Patrick Snellings, Aryan van der Leij, Henk Blok and Peter de Jong

University of Amsterdam patrick@educ.uva.nl

Abstract

Fast and accurate perception of speech is a core problem in developmental dyslexia (e.g. Joanisse, Manis & Seidenberg, 2000; Goswami et al., 2002). There has also been a growing body of evidence suggesting that in Dutch there is not just a problem with the perception of stop consonants (for the same problem in English see e.g. Tallal et al., 1996; Tallal, 2000), but also in perceiving consonant clusters (Van der Leij, Smeets & van Daal, 1990, Van der Leij & Van Daal, 1999, 2001; Struiksma, 2003).
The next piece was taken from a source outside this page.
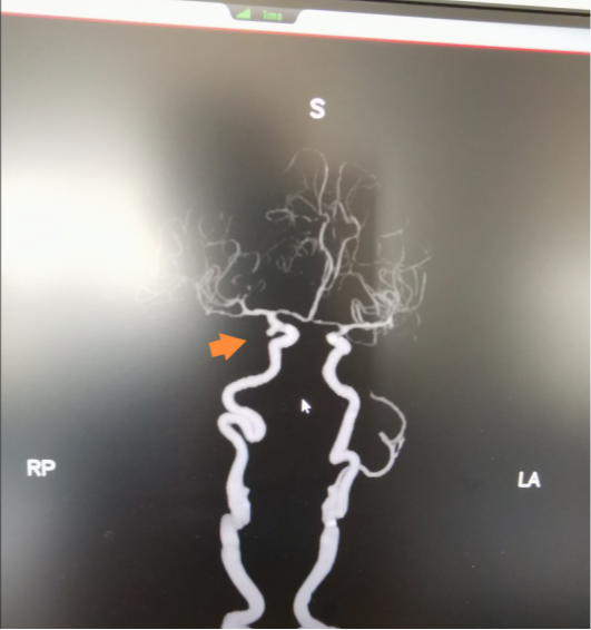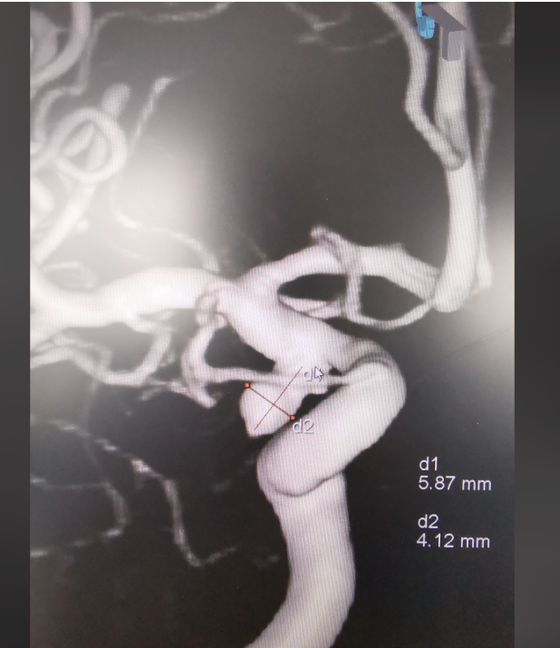 神经外科会诊后,高度怀疑颅内动脉瘤破裂出血,最终经CT血管造影检查(CTA),确诊患者为右侧后交通动脉瘤。

This paper reports on a study in which 20 dyslexic children, 20 reading age controlled readers and 20 normal reading children with the same chronological age were systematically tested on their speech perception abilities concerning isolated stop consonants and stop consonants within consonant clusters. Students were tested using two auditory processing tasks, which either required discrimination between two similar speech sounds or the detection of specific speech sounds in spoken words. Accuracy and response latencies were recorded. To control for frequency effects, both existing Dutch words and pseudo words were used. In the research literature claims have been made regarding the positive effects of acoustically enhanced speech for children with reading deficits (Stark & Heinz, 1996; Bradlow et al., 1999; for a review see Verhoeven & Segers, in press). The current study identifies the specific problem areas in speech perception for Dutch dyslexics. In addition, its results may guide the development of needs tailored intervention programmes.